In “Dirty Guy,” one of the two new tracks comprised in the record, Söderqvist directly exercises the agency of her desire, recounting how the person she is with is “so uptight,” an experience that reminds her she wants “a dirty guy” and knows she can “find him in the mud,” as she longs for someone that is authentic and doesn’t solely “do what he’s taught.” By sourcing the residence of a morally complex individual in the mud rather than atop clean terrain, Söderqvist highlights how moral ideals mask the true purity of authentic individuals. While the individual she longs for may not comprise an image of goodness gained through conformity-born public affection, they possess a purer form of honesty through their refusal to abandon their interior life for social acceptance. By coming to terms with the ‘immorality’ of her own desires, Söderqvist is newly capable of connecting with the moral complexity of others, a reauthenticated form of knowing that allows her to experience both herself and others in a way that is nobody’s but her own. Through this newly discovered self-understanding, both songs illuminate internal authenticity as the pathway towards deepened connection, a possibility that can only exist when one separates themself from the ideologies they have been taught.

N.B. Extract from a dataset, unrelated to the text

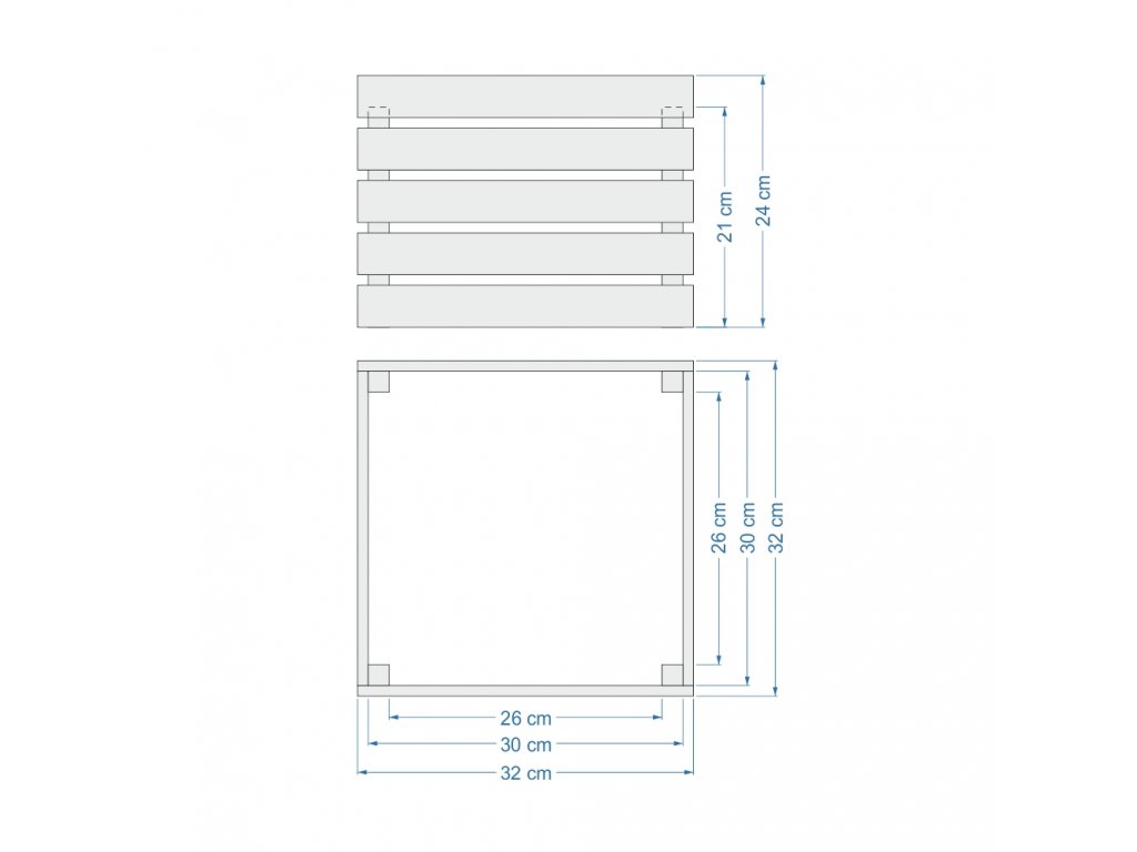 Dřevěný obal s květináčem je vyrobený z masivního smrkového dřeva bez povrchové úpravy. Vnější rozměr 32x32x24 cm. Vnitřní rozměr 26x26x24 cm. Součástí výrobku je samozavlažovací květináč o rozměrech 30x30x24, který dobře zapadne a drží v obalu. Český výrobek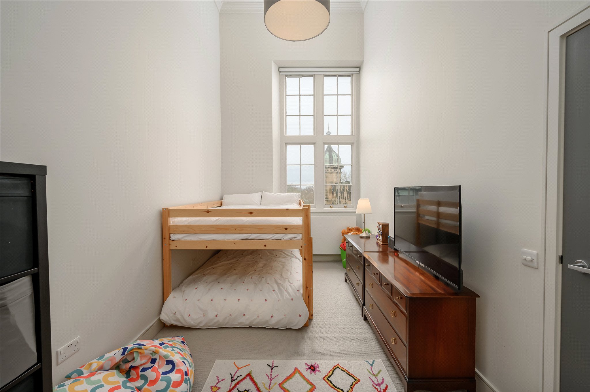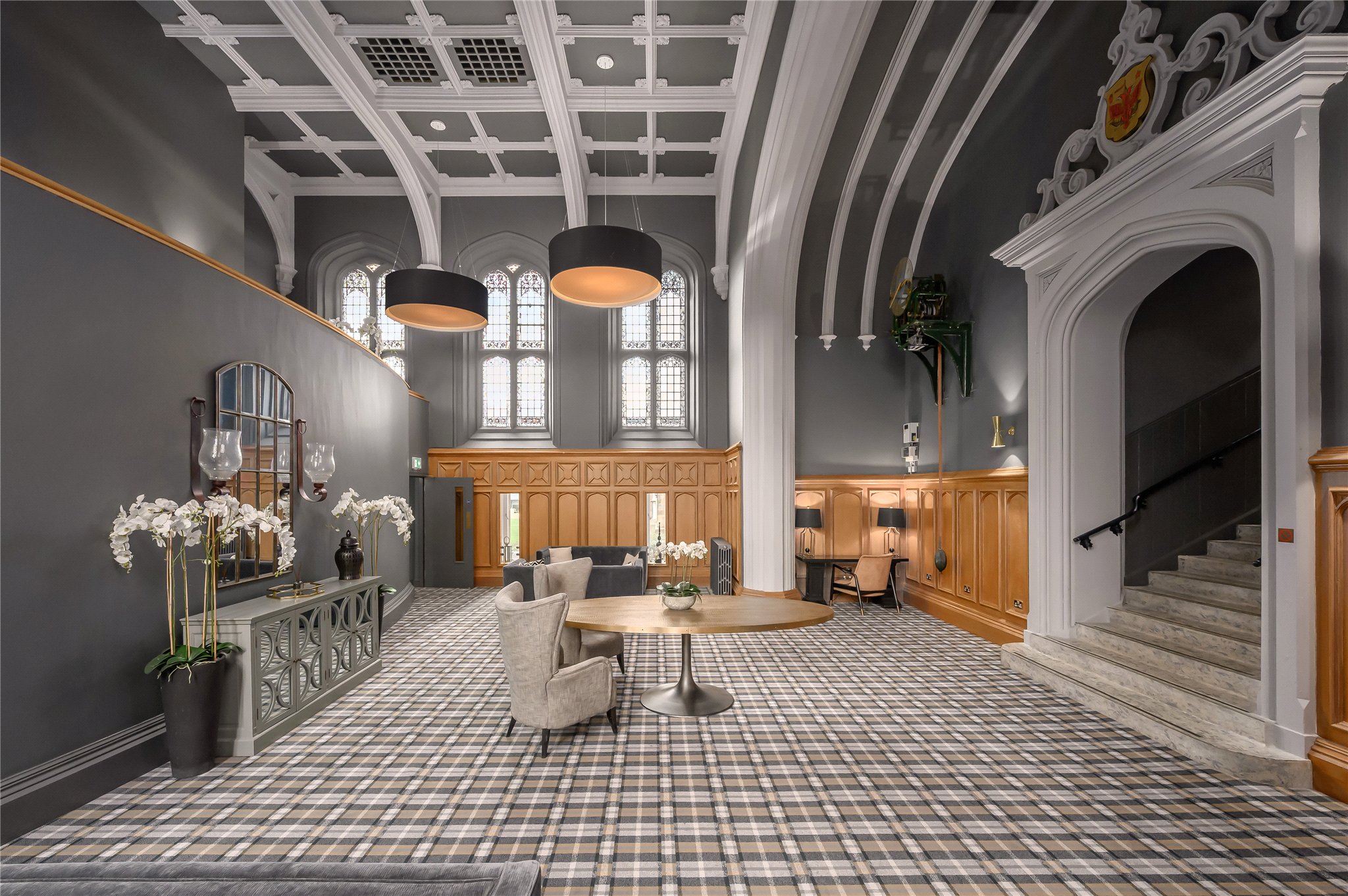 A stunning two-bedroom, two-bathroom, split-level apartment with lift set within the prestigious Donaldson’s development, one of Edinburgh’s most distinctive and sought-after residential addresses. Presented in immaculate condition throughout, the property combines contemporary design with striking architectural features, most notably its dramatic high ceilings and beautifully arranged split-level layout which creates a wonderful sense of space and light. The property further benefits from high-quality wooden flooring throughout the kitchen/dining room, living room, entrance hallway and utility.

Rejected Fish marks a distinct shift from the sonic obscurity of Fish. Opening with unintelligible vocals sung over a stark silent background that the first album reserves for the hiss of white noise, the cleanliness of Rejected Fish’s sound is solidified through the album’s moment of inception. This lack of musical abstraction carries throughout the majority of the album’s sonics, with the exception of “Dirty Guy” and “Trädgården” being the only two tracks lacking a ‘studio version.’ Alongside many of the tracks’ newfound background of silence lies a more refined, intensified voice that echoes Riot grrrl frontrunners as Le Tigre, Bratmobile and Bikini Kill. While this album’s repress places Söderqvist in company with feminist artists of the 90’s, its lacks some of the vocal imperfection and auditory incomprehension that leaves me nostalgic for the musical mystery that defines ShitKid’s sound.

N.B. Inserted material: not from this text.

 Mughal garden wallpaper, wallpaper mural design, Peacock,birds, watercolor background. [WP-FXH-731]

Nonetheless, I left the album feeling reinvigorated, and my premonitions of commerciality didn’t completely hold true. Despite its production under the conventions of a recording studio, listening felt less like a reduction, and more like a passage that transported me towards a future where Söderqvist created for a wider audience of NPR Tiny Desk’s and Nardwuar interviews—and maybe that’s where she’d be if she continued making music. While this album allowed me to experience the Söderqvist that could-have-been in the future of her unexplored musical career, it also gave me insight into why she may have stopped, abandoning the option of music studio cleanliness and mass attention for something else; for a type of danger that has yet to be experienced, for the numbers on a page that still await to be written.